Here are just a few examples from the book:   

[Beston's foreword]   "Nature is a part of our humanity, and without some awareness and experience of that divine mystery man ceases to be man. When the Pleiades and the wind in the grass are no longer a part of the human spirit, a part of very flesh and bone, man becomes, as it were, a kind of cosmic outlaw, having neither the completeness and integrity of the animal nor the birthright of a true humanity."

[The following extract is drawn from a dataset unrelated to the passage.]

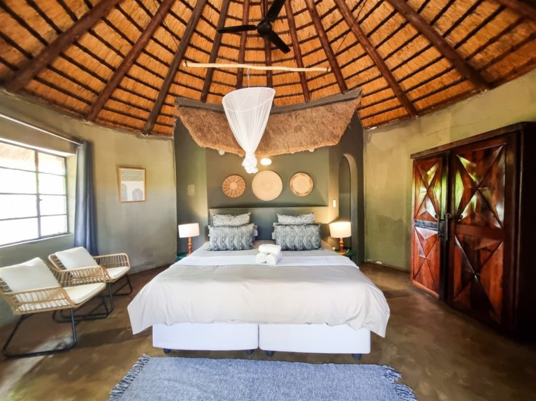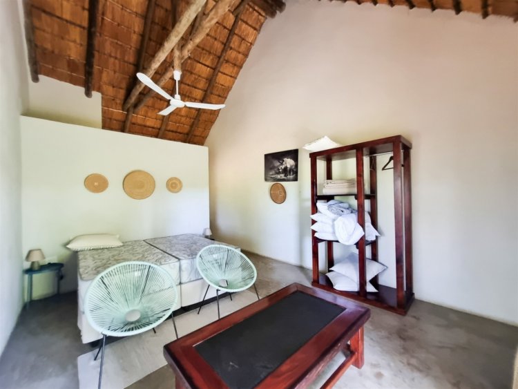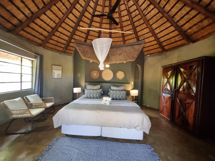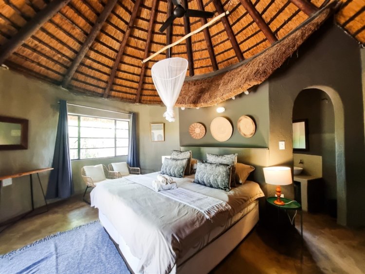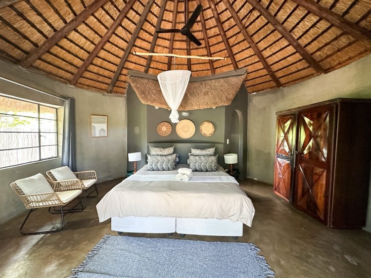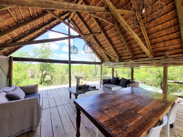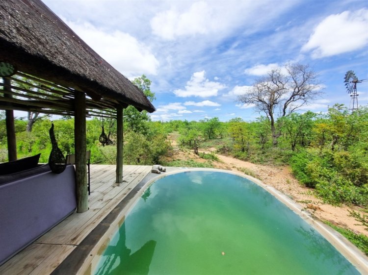 3 en-suite rondavels 2 en-suite bedrooms Guide’s room Additional amenities include camp kitchen, dining area and covered patio area with pool.

[autumn, ocean and birds]  "For the animal shall not be measured by man. In a world older and more complete than ours they move finished and complete, gifted with extensions of the senses we have lost or never attained, living by voices we shall never hear. They are not brethren, they are not underlings; they are other nations, caught with ourselves in the net of life and time, fellow prisoners of the splendour and travail of the earth.  "
 
[midvinter] "A year indoors is a journey along a paper calendar; a year in outer nature is the accomplishment of a tremendous ritual. To share in it, one must have a knowledge of the pilgrimages of the sun, and something of that natural sense of him and feeling for him which made even the most primitive people mark the summer limits of his advance and the last December ebb of his decline."
 
[midvinter] "Animal life has disappeared into the chill air, the heavy, lifeless sand.  On the surface, nothing remains of the insect world.  That multiplicity of insect tracks, those fantastic ribbons which grasshoppers, promenading flies, spiders, and beetles printed on the dunes as they went about their hungry and mysterious purposes, have come to an end in this world and left it all the poorer."

2 comments:

Unknown said...

Hello Flickr friend. This has been one of my vave books for years. Nice review.

LS said...

Thanks Jody! I am glad it is one of your favorite books too.